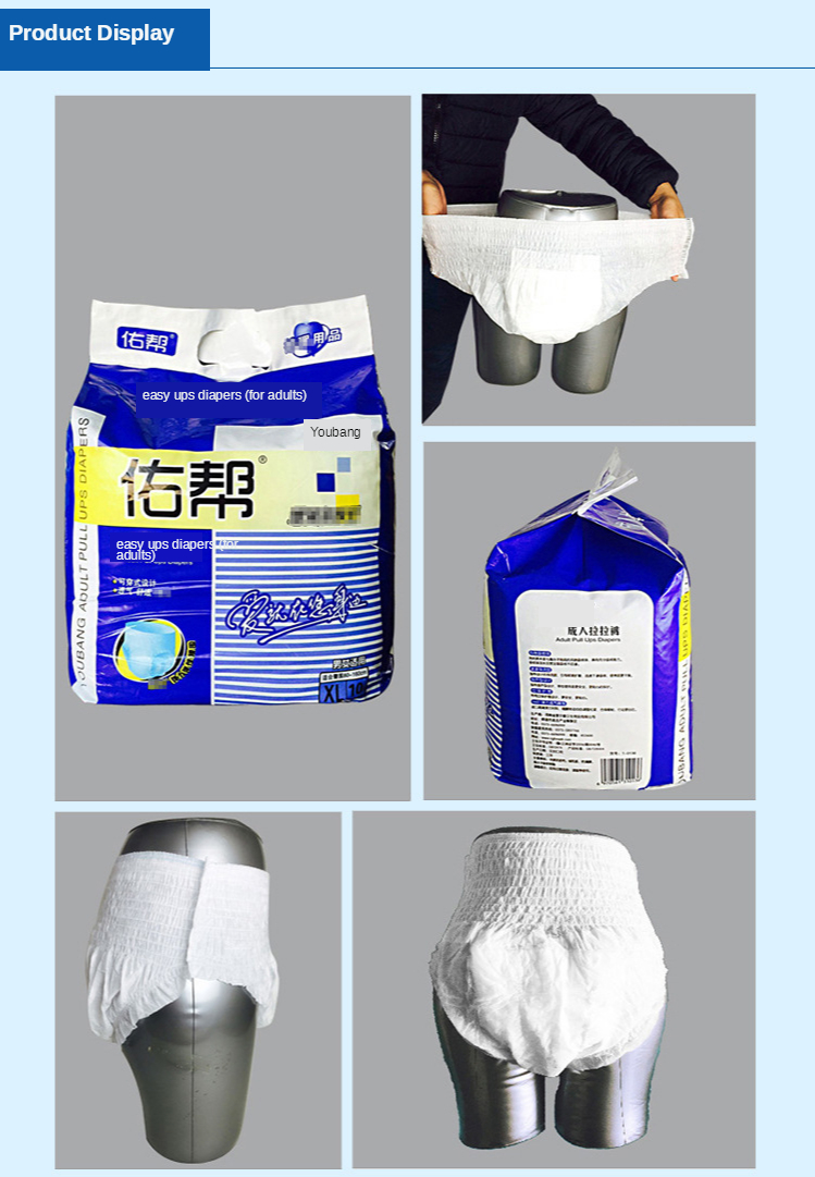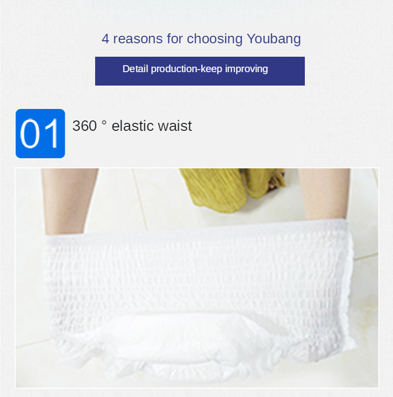 Основные характеристики: 1. Белая PE пластиковая Водонепроницаемая подкладка 2. Мягкий поверхностный слой, тканевая задняя панель, комфортные ощущения от руки 3. Супер Поглощение, Блокировка воды, сохраняет кожу сухой 4. Тип брюк, легко надевать и снимать 5. Принимает полимерные абсорбирующие и пушистые целлюлозы; Водопоглощающая структура, с сильной поглощающей способностью! 6. Он может много раз поглощать мочу и другие жидкости для тела, чтобы сохранить поверхность меняющейся подкладки сухой. 7. Быстро впитывает фекалии и удаляет неприятные запахи для обеспечения свежего воздуха в помещении. 8. Простота в использовании, охрана окружающей среды и санитария.
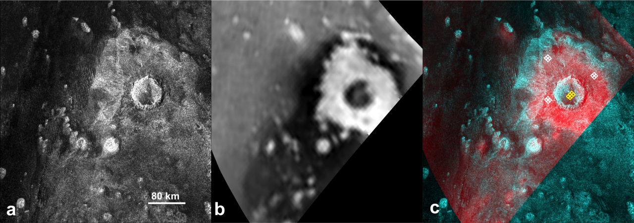 Sinlap is thought to be the youngest crater on Titan. The RADAR image of Sinlap is shown in (a), the VIMS image in (b), and the two are combined in (c) with yellow areas selecting the crater floor and white areas the ejecta blanket. The data from these areas were used in a recent study of crater composition and evolution on Titan.
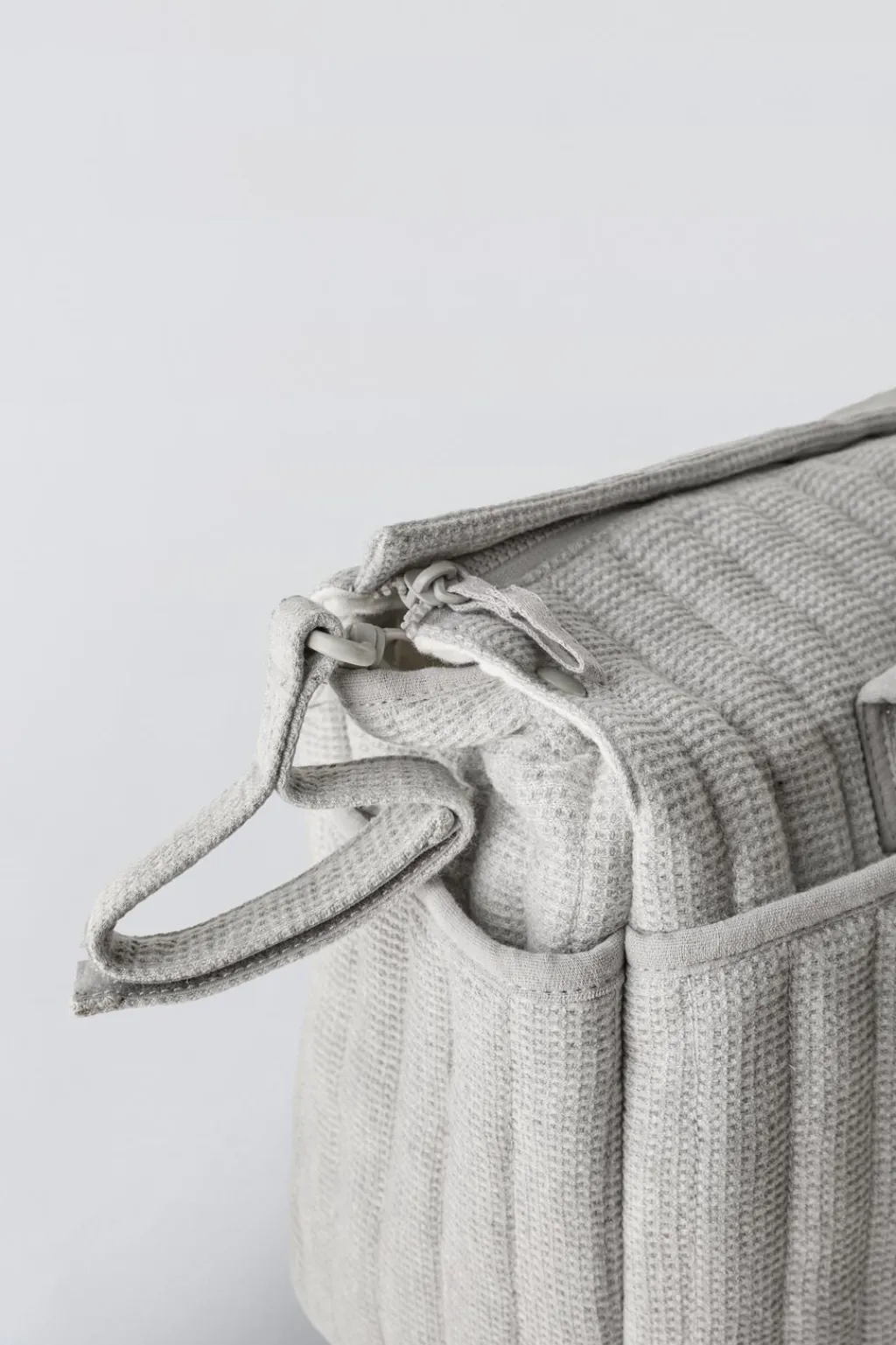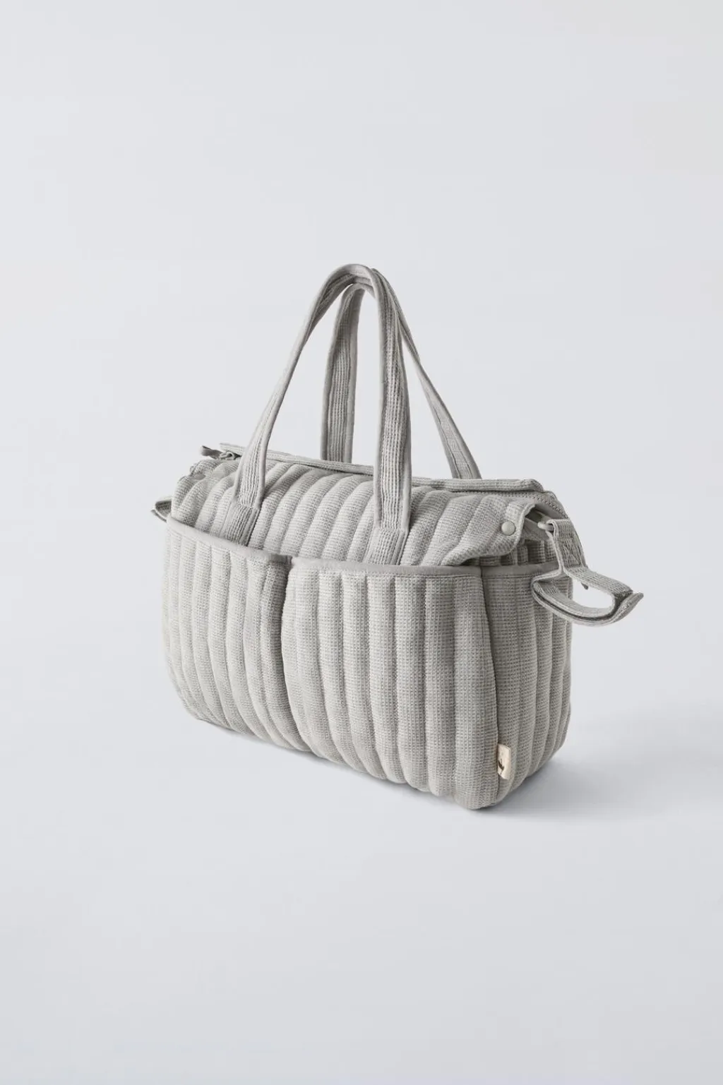 Bolsa de maternidad de algodón para pañales con cambiador a conjunto. Compartimento principal con cierre mediante cremallera. Cuenta con dos bolsillos frontales y dos laterales sin cierre. Doble asa de hombro y tiras adherentes adaptables y extraíbles para cochecito. Cambiador con cierre mediante tira adherente. Este pack es indivisible, se devolverá completo.

- _Try it_:
Write the material out again word for word and omit any images.

- _Expected output_:
 Основные характеристики: 1. Белая PE пластиковая Водонепроницаемая подкладка 2. Мягкий поверхностный слой, тканевая задняя панель, комфортные ощущения от руки 3. Супер Поглощение, Блокировка воды, сохраняет кожу сухой 4. Тип брюк, легко надевать и снимать 5. Принимает полимерные абсорбирующие и пушистые целлюлозы; Водопоглощающая структура, с сильной поглощающей способностью! 6. Он может много раз поглощать мочу и другие жидкости для тела, чтобы сохранить поверхность меняющейся подкладки сухой. 7. Быстро впитывает фекалии и удаляет неприятные запахи для обеспечения свежего воздуха в помещении. 8. Простота в использовании, охрана окружающей среды и санитария.
 Sinlap is thought to be the youngest crater on Titan. The RADAR image of Sinlap is shown in (a), the VIMS image in (b), and the two are combined in (c) with yellow areas selecting the crater floor and white areas the ejecta blanket. The data from these areas were used in a recent study of crater composition and evolution on Titan.
 Bolsa de maternidad de algodón para pañales con cambiador a conjunto. Compartimento principal con cierre mediante cremallera. Cuenta con dos bolsillos frontales y dos laterales sin cierre. Doble asa de hombro y tiras adherentes adaptables y extraíbles para cochecito. Cambiador con cierre mediante tira adherente. Este pack es indivisible, se devolverá completo.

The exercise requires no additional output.